For n=4 qubits, this generates:

  • Qubit 0: H, then Phase(pi/2) controlled by qubit 1, Phase(pi/4) controlled by qubit 2, Phase(pi/8) controlled by qubit 3
  • Qubit 1: H, then Phase(pi/2) controlled by qubit 2, Phase(pi/4) controlled by qubit 3
  • Qubit 2: H, then Phase(pi/2) controlled by qubit 3
  • Qubit 3: H

The put helper places a single-qubit gate on the specified qubit, while the control helper creates a controlled gate with specified control qubits, target qubits, and the gate to apply.

Bit Reversal

#![allow(unused)]
fn main() {
for i in 0..(n / 2) {
    gates.push(PositionedGate::new(
        Gate::SWAP, vec![i, n - 1 - i], vec![], vec![],
    ));
}
}

Swaps qubit 0 with qubit 3 and qubit 1 with qubit 2 to match the standard QFT convention.

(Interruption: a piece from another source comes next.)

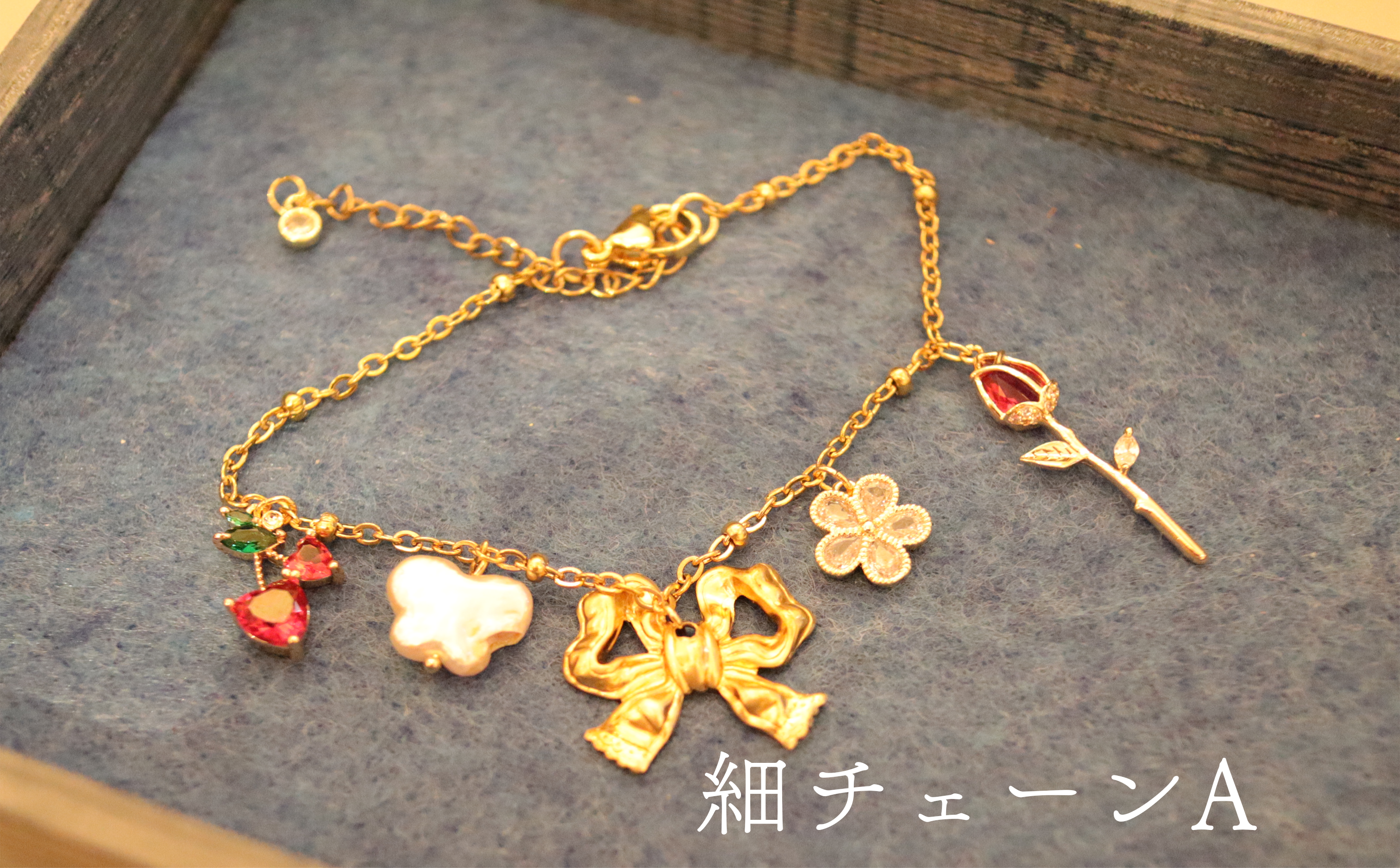 金具はご指定がなければカニカン+アジャスターです。アジャスターの先にチャームをつけたい場合はオプションをご選択の上、付けたいチャームのモチーフをメッセージよりご指定ください。

The QFT algorithm naturally produces output in bit-reversed order, so these SWAP gates correct the ordering.

Running the Example

cargo run --example qft

The main function constructs a 4-qubit QFT circuit, applies it to an input state, and prints the resulting amplitudes along with the tensor network structure:

fn main() {
    let n = 4;
    let circuit = qft_circuit(n);
    let state = State::zero_state(&vec![2; n]);
    let result = apply(&circuit, &state);
    let tn = circuit_to_einsum(&circuit);
    // ... (prints results)
}

Output shows the amplitudes for both input states and the tensor network structure (number of tensors and labels).

Expected Output

QFT|0000>

Applying QFT to the all-zeros state produces a uniform superposition:

All 16 amplitudes = 1/sqrt(16) = 0.25

This is because QFT|0> = (1/sqrt(N)) sum_k |k>.

QFT|0001>

Produces amplitudes with phase progression e^(2 pi i k / 16). All amplitudes have magnitude 1/sqrt(16), but with varying phases.

Tensor Network Structure

For 4-qubit QFT:

  • The circuit has 4 H gates + 6 controlled-Phase gates + 2 SWAP gates = 12 gates total, yielding 12 tensors
  • The controlled-Phase gates are non-diagonal (due to controls), so they allocate new labels
  • The H and SWAP gates are also non-diagonal

The circuit_to_einsum function converts the circuit into an einsum-based tensor network representation, which can be useful for understanding the contraction structure and for alternative simulation strategies.